Duisburg. . Seit dem 12. Januar läuft die Briefwahl zum Abwahlverfahren gegen OB Adolf Sauerland. Viele Leser klagten über Wartezeiten oder Orientierungsprobleme in den sieben Bezirksämtern und im Wahlamt. Wir haben nachgeschaut: in allen acht “Abwahllokalen“. Vor allem ältere Bürger machen sich jetzt schon auf den Weg, um ihre Stimme abzugeben.

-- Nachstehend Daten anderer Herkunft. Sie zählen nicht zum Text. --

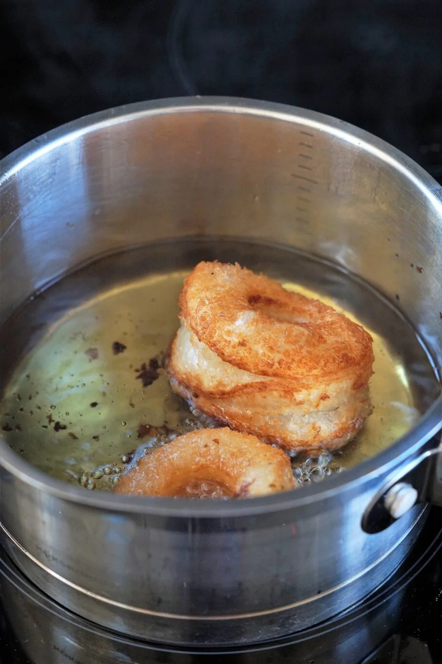3. Varm opp nøytral olje i en liten kasserolle. Prøv å fritere litt av deigen for å se at oljen har riktig temperatur. Legg i cronutdeigen i oljen og snu de etter hvert som de blåser seg opp.

Seit dem 12. Januar läuft die Briefwahl zum OB-Abwahlverfahren. WAZ-Leser klagten über Wartezeiten oder Orientierungsprobleme in den sieben Bezirksämtern und im Wahlamt in Neudorf. Die WAZ ging vor Ort, schaute sich in allen Wahllokalen um.

Wahlamt Neudorf

Es sind gelbe, handgeschriebene Zettel, die da am Mauerwerk des Hauses Bismarckstraße 150 kleben und den Weg in den Innenhof weisen. Dort, hinter einer unscheinbaren Glaspforte, befindet sich der Zugang zum Wahlamt. In Zimmer 12 ist die Briefabstimmungsstelle eingerichtet. Die ist dank grüner Orientierungsschilder leicht und nach wenigen Schritten zu finden. Vor der Tür ist eine einzige Wahlkabine aufgebaut. Zwei Stifte und ein Klebestift liegen auf einem Holztisch hinter dem Sichtschutz bereit.

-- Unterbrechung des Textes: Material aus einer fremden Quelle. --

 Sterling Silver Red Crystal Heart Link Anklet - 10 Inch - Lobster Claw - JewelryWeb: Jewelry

In Zimmer 12 sitzen zwei Mitarbeiterinnen, die den Bürgern nach Vorlage von Personalausweis oder Wahlbenachrichtigung die Unterlagen aushändigen. Sie erklären auch das Prozedere, also wo unterschrieben und was in welchen Umschlag gesteckt werden muss. Jedem wird zudem eine schriftliche Gebrauchsanleitung ausgehändigt. Dennoch gehen viele auf Nummer sicher und fragen noch einmal nach, bevor sie ihren Umschlag in die Urne werfen.

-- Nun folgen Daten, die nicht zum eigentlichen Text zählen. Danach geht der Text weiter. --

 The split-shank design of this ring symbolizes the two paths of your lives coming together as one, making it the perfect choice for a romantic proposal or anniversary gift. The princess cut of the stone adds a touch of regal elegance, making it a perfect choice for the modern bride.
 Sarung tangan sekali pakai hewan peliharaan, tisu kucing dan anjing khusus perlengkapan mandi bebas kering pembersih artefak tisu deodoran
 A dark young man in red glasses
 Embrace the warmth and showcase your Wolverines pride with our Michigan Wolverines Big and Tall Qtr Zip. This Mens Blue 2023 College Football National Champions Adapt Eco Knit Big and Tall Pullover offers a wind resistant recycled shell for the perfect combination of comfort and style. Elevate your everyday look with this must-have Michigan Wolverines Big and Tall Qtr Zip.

„An den ersten beiden Tagen war es hier richtig voll“, sagt Burkhard Beyersdorff, der Leiter der Stabsstelle für Wahlen. Bei der letzten Kommunalwahl in 2009 habe die Briefwahlquote bei 20 Prozent gelegen – in absoluten Zahlen: knapp 40 000 Wähler. Ob es diesmal mehr werden, mag und darf er nicht prognostizieren: „Eine Wahlbeeinflussung darf nicht stattfinden.“

Beeinflussen lässt sich Jürgen Lehmann nicht mehr: Der 65-jährige Mann aus Wedau hat schon gewählt. Gleich am ersten Tag. „Wer weiß, wie am Wahltag das Wetter ist. Außerdem wollte ich es hinter mich bringen.“ Seine Mutter Ruth Lehmann nickt zustimmend, sagt: „Was weg ist, ist weg!“ und schreitet nun ihrerseits zum Kreuzchenmachen. Ihr Sohn Jürgen engagiert sich sehr, hat für „ältere Nachbarn, die nicht mehr so gut zu Fuß sind“, sogar einen Fahrdienst mit seinem Pkw eingerichtet. Auch das soll dabei helfen, dass eine möglichst hohe Wahlbeteiligung erreicht wird.

Bezirksamt Süd

„Bislang waren vor allem sehr viele ältere Wähler hier“, nennt Friedhelm Klein, der Leiter des Bezirksamtes Süd in Buchholz, seine Eindrücke. Die Briefwahlstelle ist im Erdgeschoss direkt am Haupteingang zu finden. Der Zugang ist barrierefrei. „Wir wollen alles tun, um eine vernünftige Wahl sicherzustellen“, sagt Klein. Beide Computer in dem Raum sind stets mit Personal besetzt. Heute sitzen Inge Peters und Elvira Steff dort. „Viele kommen morgens direkt um 8 Uhr, um noch vor der Arbeit zu wählen“, sagt Peters. Und vor allem am Dienstag, wenn das Bezirksamt Süd seinen „langen Tag“ hat und bis 18 Uhr geöffnet ist, sei viel los gewesen. Rund zehn Prozent der Bürger würden die Briefwahlunterlagen mit nach Hause nehmen, der Rest wählt direkt im Bezirksamt. Und das Schlangestehen sei auch noch kein großes Problem gewesen. „Die längste Wartezeit betrug bislang 20 Minuten“, so Klein.

Bezirksamt Mitte

Neues Wahllokal

Große Unruhe gab es nach Angaben des SPD-Ratsherrn Ercan Idik in Ungelsheim, weil die Wahllokale für die Abwahl am 12. Februar in der Schule Albert-Schweitzer-Straße eingerichtet werden sollen. Für viele in Ungelsheim wäre es ein besonderes Erschwernis, am Abwahltag bis Huckingen zu laufen. Bisher waren die Wahllokale in der Grundschule auf der Nordhäuser Straße, doch die Schule besteht nicht mehr. Das Wahlamt wurde darum gebeten, dass die Wahllokale in Ungelsheim eingerichtet werden sollen. Das wird auch nun geschehen, wie Anja Huntgeburth von der Stadtverwaltung bestätigte. Wahllokal werde das katholische Gemeindehaus sein. Die betroffenen Wahlberechtigten würden bis Mitte nächster Woche vom Wahlamt benachrichtigt.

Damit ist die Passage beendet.